One of the founders, Gonzalo Esteban Parada is the current President.

CSANF Cup
The CSANF Cup, sometimes called the Alternative America Cup (in Spanish Copa América Alternativa), is the main competition organized by CSANF between the football teams of the peoples and regions affiliated with the CSANF. The first CSANF Cup was launched in 2011, a modest arrangement because of financial difficulties. The single match elimination of the loser was adopted.

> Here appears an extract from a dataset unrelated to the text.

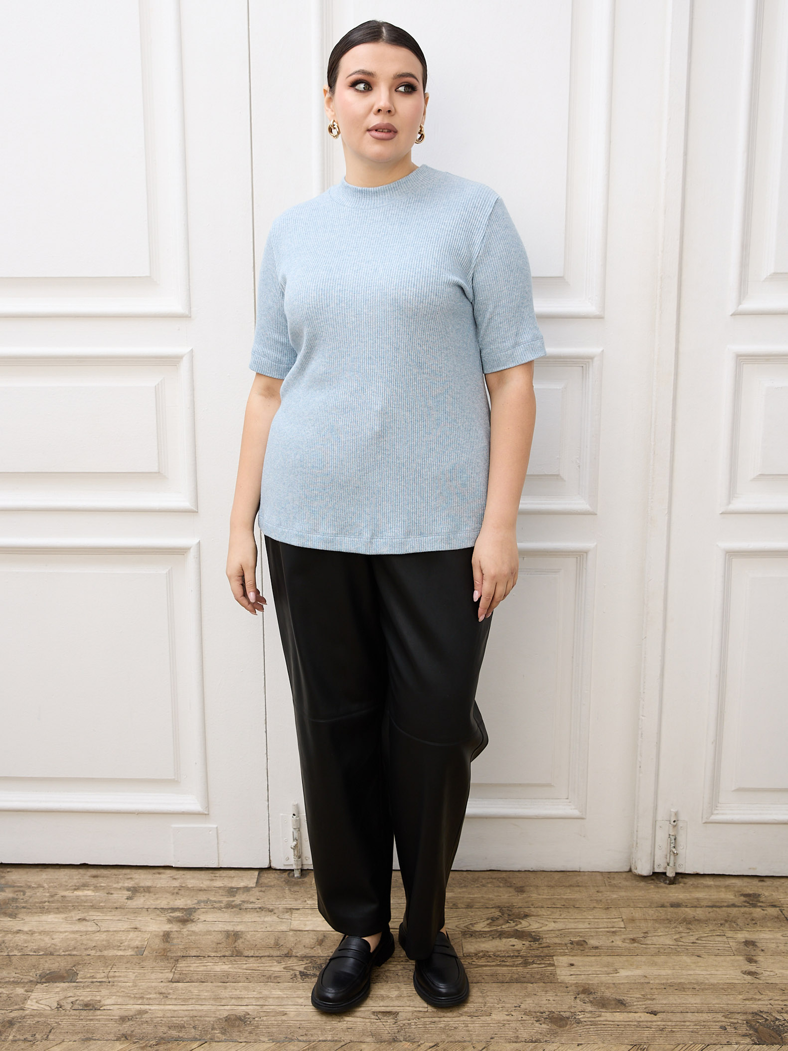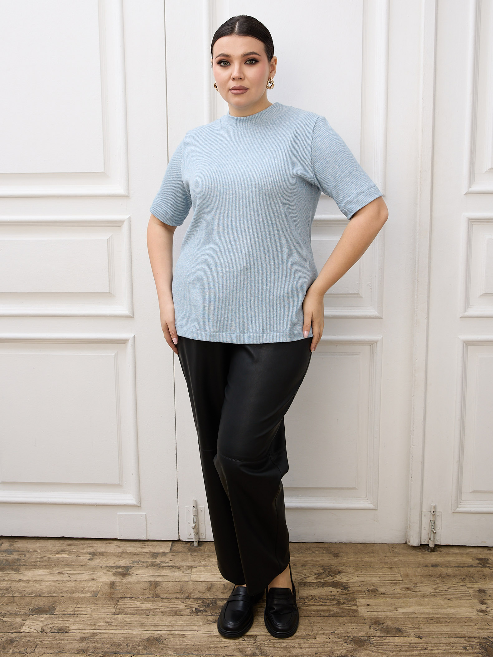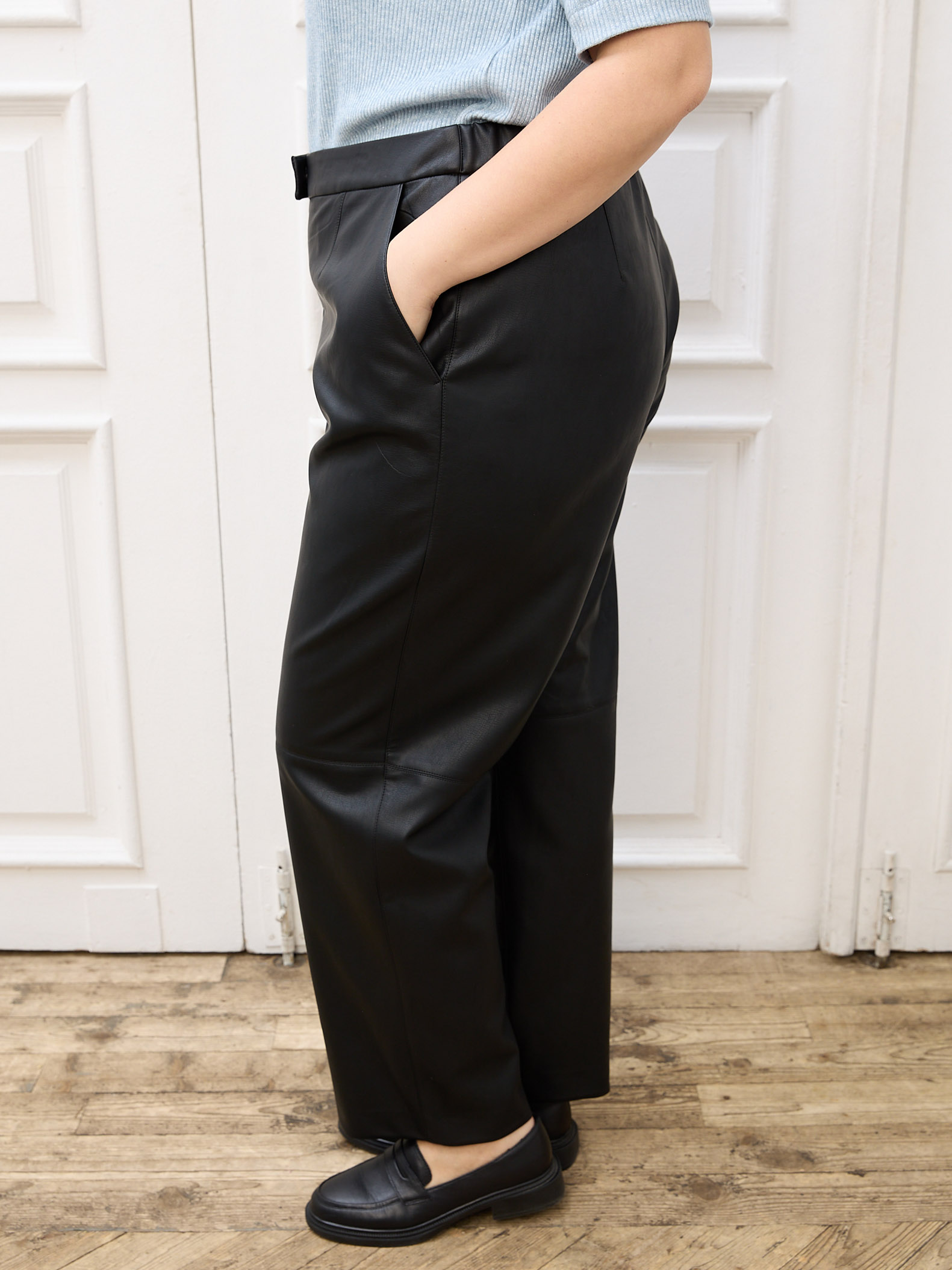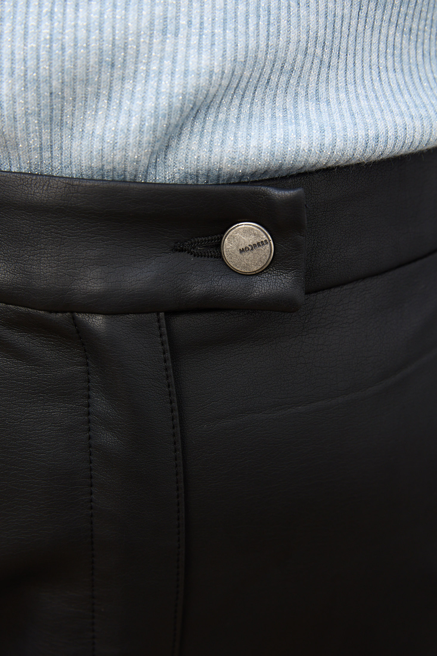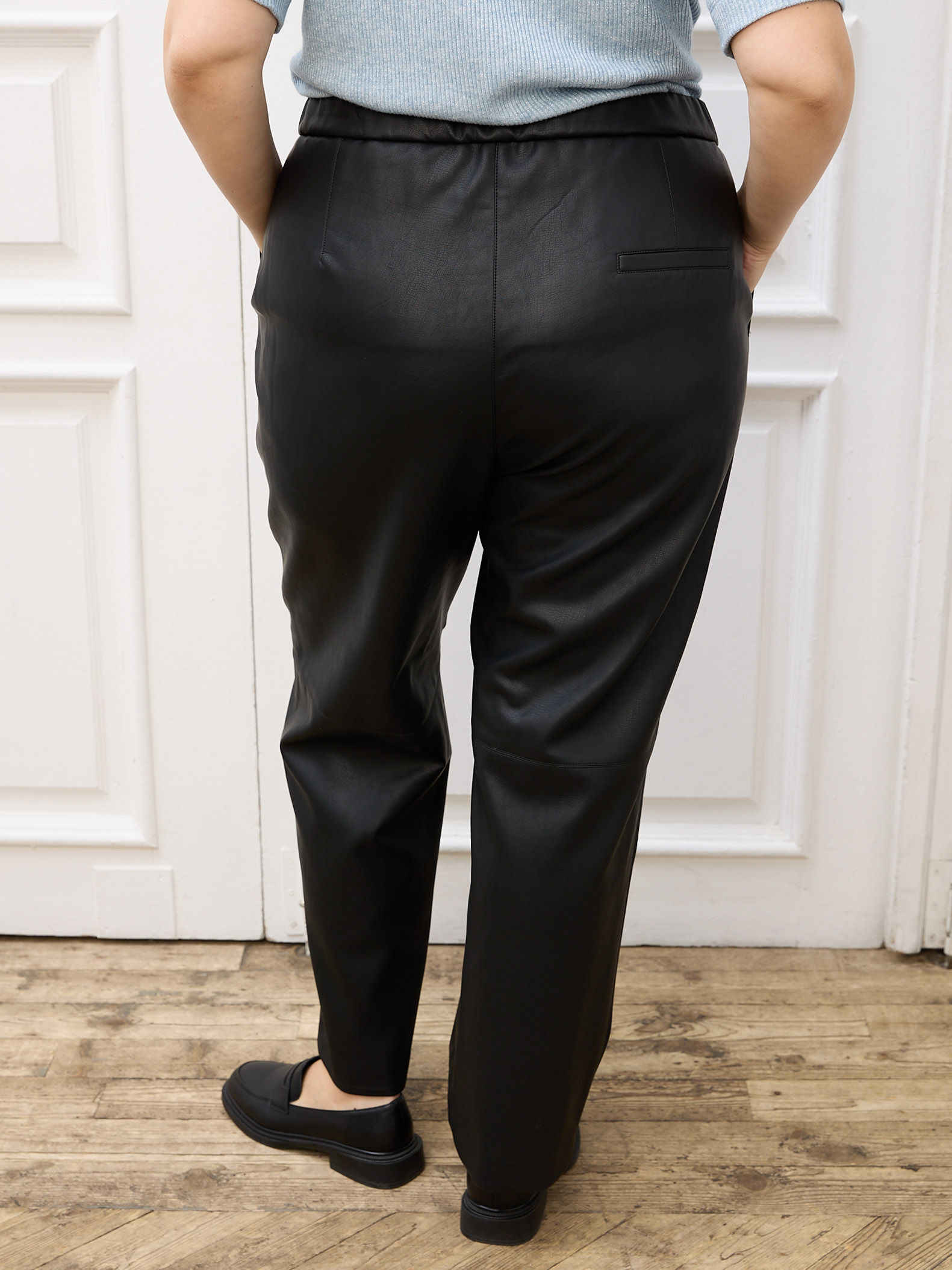 Брюки с классической посадкой, прилегающие в области бедер, немного заужены к низу. Длина до щиколотки. Пояс притачной, по спинке с эластичной тесьмой внутри. Боковые карманы на передних половинках. На правой задней половинке ложный карман «в рамку». Застежка спереди. На передних и задних половинках декоративно-конструктивные подрезы. Брюки выполнены из экокожи на вискозной основе в черном цвете.

The following Cup events were in 2014 called CSANF Cup - Fraternidad Internacional and the third was in 2017 called CSANF Cup - 10 Años o celebrate the 10th anniversary of the founding of the CSANF

Affiliated associations in Confederation of Independent Football Associations
Since 2019, CSANF has some associations affiliated to Confederation of Independent Football Associations (ConIFA).
The champion of the CSANF Cup, has the right, if affiliated at the same time with CONIFA, to qualify automatically to the following edition of the ConIFA World Cup as representative of the South American group. It is worth mentioning that this was a new opening, as until the 2019 agreement, ConIFA did not have any South American representation. However the CSANF champion was not obliged to participate in case it didn't want to. If the CSANF champion was not an affiliate or has financial issues that kept it from taking part, the CSANF runner-up (if affiliated with ConIFA) would earn the right to take part.

Members

 Isla de Pascua and Esperanto were earlier members of the now-defunct NF-Board
 Isla de Pascua and Mapuche Nation are members of ConIFA

Potential Members
  Ascension Island (United Kingdom)
  Falkland Islands/Islas Malvinas (United Kingdom)
  Galápagos Islands (Ecuador)
  Mbyá-Guaraní (Paraguay)
  Magallanes and Chilean Antarctica Region (Chile)
  Margarita Island (Venezuela)
  Martín García Island (Argentina)
  Saint Helena (United Kingdom)
  San Andrés y Providencia (Colombia)
  Táchira (Venezuela)
  Tristan da Cunha (United Kingdom)

Staff 
Currently, CSANF has representatives in 5 of 13 South American countries - Argentina, Chile, Uruguay, Brazil and Colombia - and one special representative in Spain.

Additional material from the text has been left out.